A couple weeks ago, many Madison music lovers got their first taste of one of the oddest and most enjoyable new bands on the college rock scene right now. Before a packed house at Luther’s Blues, Ludo turned heads, got feet tapping and had complete strangers to their music “humming along” by the end of the night.

Ludo’s sound is something of a representation of the band’s own eclectic mix of personalities, though it flows so naturally that one hardly even notices the anti-naturalness of it.

Andrew Volpe, the band’s lead singer, seems to banter out his lyrics as much as he sings them. Throwing as many sardonic words as possible into every chorus, Volpe’s songwriting and vocal presentation are in a sort of “Rivers Cuomo meets Ben Folds, but with a serious case of Jack Black-esque odd, dark humor” mold. He has excellent stage presence and does a great job of getting audiences into his songs — be them slow love songs like “Sara’s Song,” party-packed epics like “Girls on Trampolines,” ear-pleasers like “Hum Along” or bitter angst-fests like “Good Will Hunting By Myself.”

Tim Ferrell leads the band on guitar, playing powerful riffs to keep up with Volpe’s epic lyrical pieces. The hard-edged sound plays well with Volpe’s on-edge voice — the two complement each other and juxtapose each other in equal portions. Ferrell is undoubtedly talented on the guitar and hits his solos perfectly. But it’s when he’s playing simply, loudly and dominantly along with Volpe’s energetic whimpering that the music really takes off.

Added to the harmonic mix is Tim Convy’s bizarre, energetic presence on the synthesizer. Convy jumps around as much as he plays, and it’s not always clear if his energy or his keys is the more important contribution.

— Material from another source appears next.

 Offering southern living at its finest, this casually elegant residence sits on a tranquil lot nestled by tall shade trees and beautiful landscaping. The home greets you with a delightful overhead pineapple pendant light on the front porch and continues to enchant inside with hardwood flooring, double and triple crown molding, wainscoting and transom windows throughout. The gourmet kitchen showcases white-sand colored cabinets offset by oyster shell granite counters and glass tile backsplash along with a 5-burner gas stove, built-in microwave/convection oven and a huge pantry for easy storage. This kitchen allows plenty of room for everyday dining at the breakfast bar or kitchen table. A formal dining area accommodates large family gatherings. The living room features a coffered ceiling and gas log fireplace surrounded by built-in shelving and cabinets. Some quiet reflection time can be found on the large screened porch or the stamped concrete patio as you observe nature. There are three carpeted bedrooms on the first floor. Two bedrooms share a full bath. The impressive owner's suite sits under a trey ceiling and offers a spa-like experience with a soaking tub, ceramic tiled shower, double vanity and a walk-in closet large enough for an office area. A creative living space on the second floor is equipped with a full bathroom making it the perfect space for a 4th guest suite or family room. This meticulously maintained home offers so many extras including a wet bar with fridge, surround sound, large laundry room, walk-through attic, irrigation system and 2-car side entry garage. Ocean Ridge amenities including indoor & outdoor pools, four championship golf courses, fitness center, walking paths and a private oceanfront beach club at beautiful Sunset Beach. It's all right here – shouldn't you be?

When he belts out chords, he certainly brings a nice sound to the songs, and the energy he has on stage is contagious and helps bring even the most bashful of audience members in on the fun.

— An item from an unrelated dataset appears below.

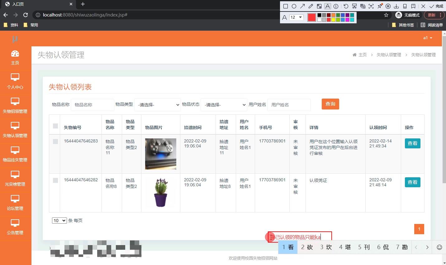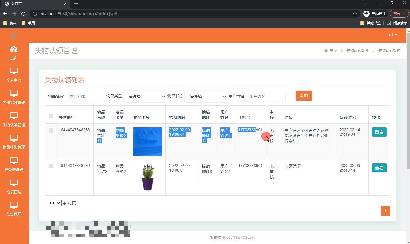 基于Java+SSM+Django校园失物招领网站(源码+LW+调试文档+讲解等)/校园失物招领网站/失物招领系统/学校失物招领/寻物启事网站/丢失物品寻找/失物招领公告/校园物品丢失/失物信息查询
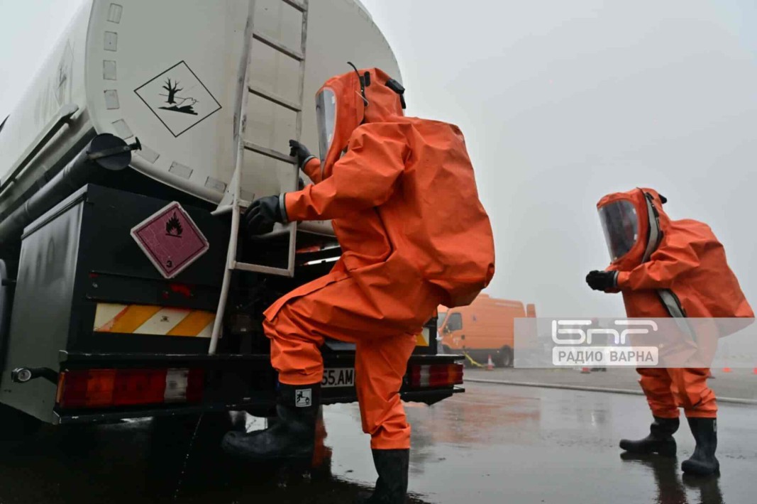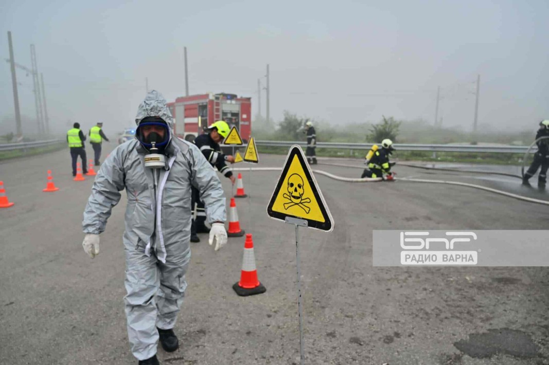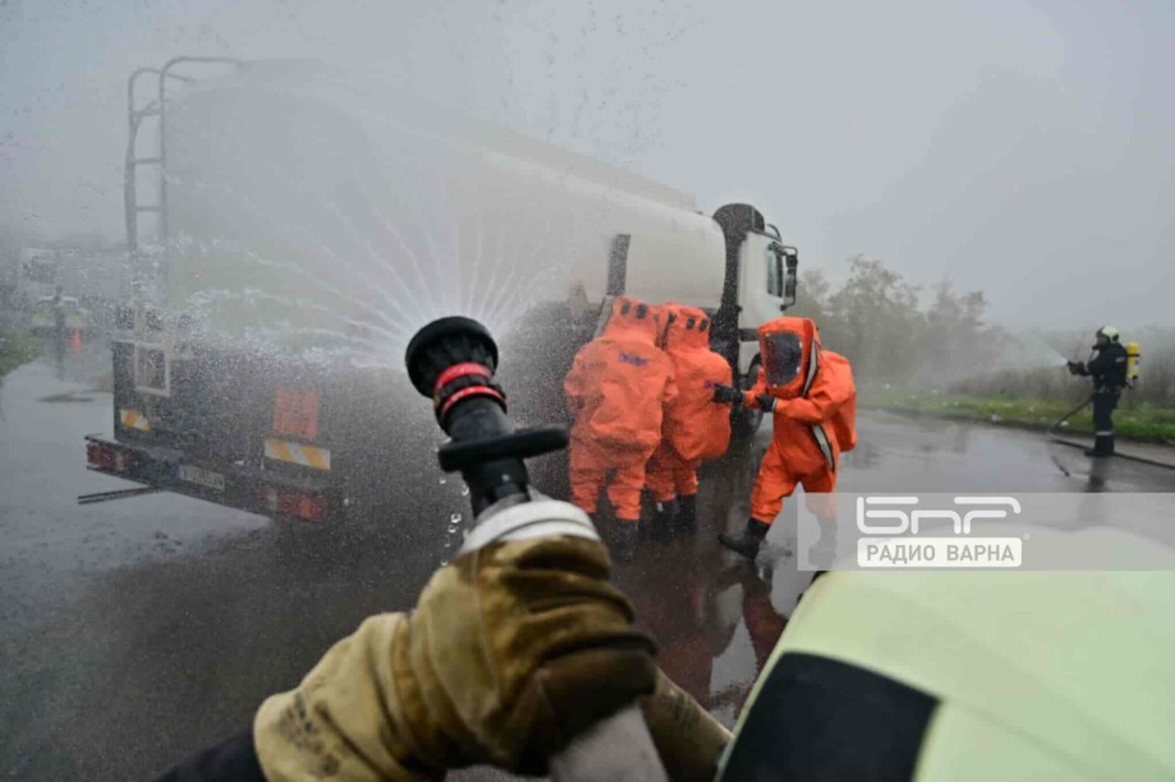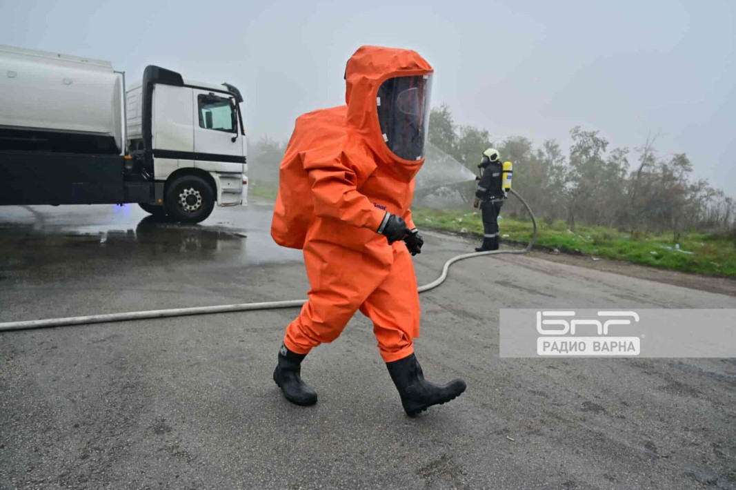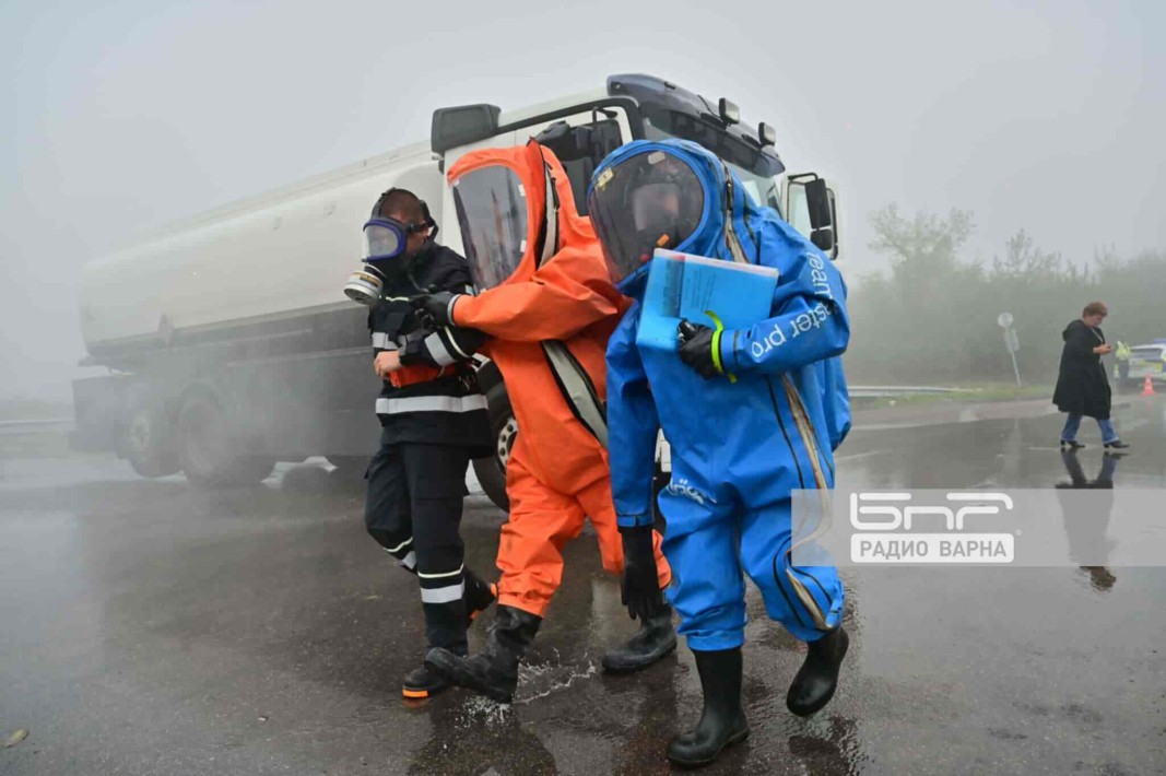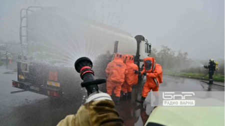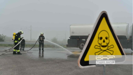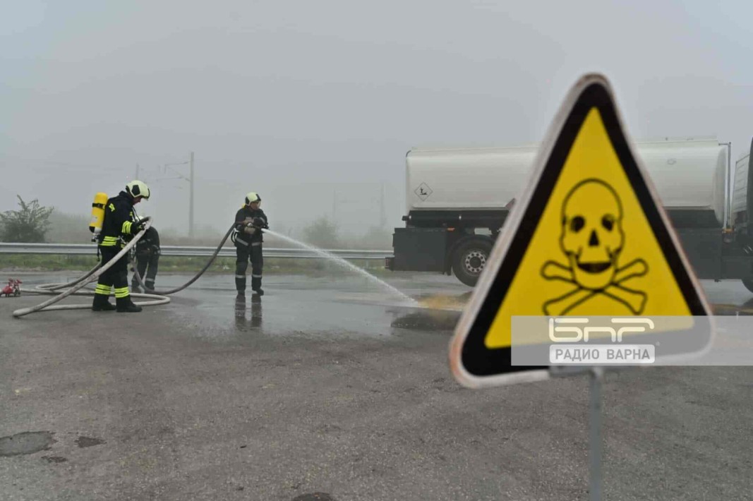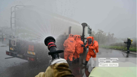 Разлив на сярна киселина от самокатастрофирала цистерна, която превозва 30 тона от химикала, овладяха по време на учение във Варна. По сценарий при инцидента изтича близо тон сярана киселина, а шофьорът остава заклещен в кабината на камиона. Това обясни директорът на Регионалната дирекция "Пожарна безопасност и защита на населението" старши комисар Стоян Стоянов.

Keeping the sound from spinning (too far) out of control are Marshall Fanciullo and Matt Palermo, on the bass and drums, respectively. Fanciullo pounds out memorable bass lines that keep feet tapping for days, and Palermo shows rare feeling on the skins, keeping beat to the audience’s head nods (and/or bangs).

Ludo returns to Madison and to Luther’s Blues tonight at 9 p.m. Volpe and company play with The Dog and Everything, Early Means Two and This Is The End. Tickets are $5 at the door. The band’s self-titled debut can be bought on its website, www.ludorock.com.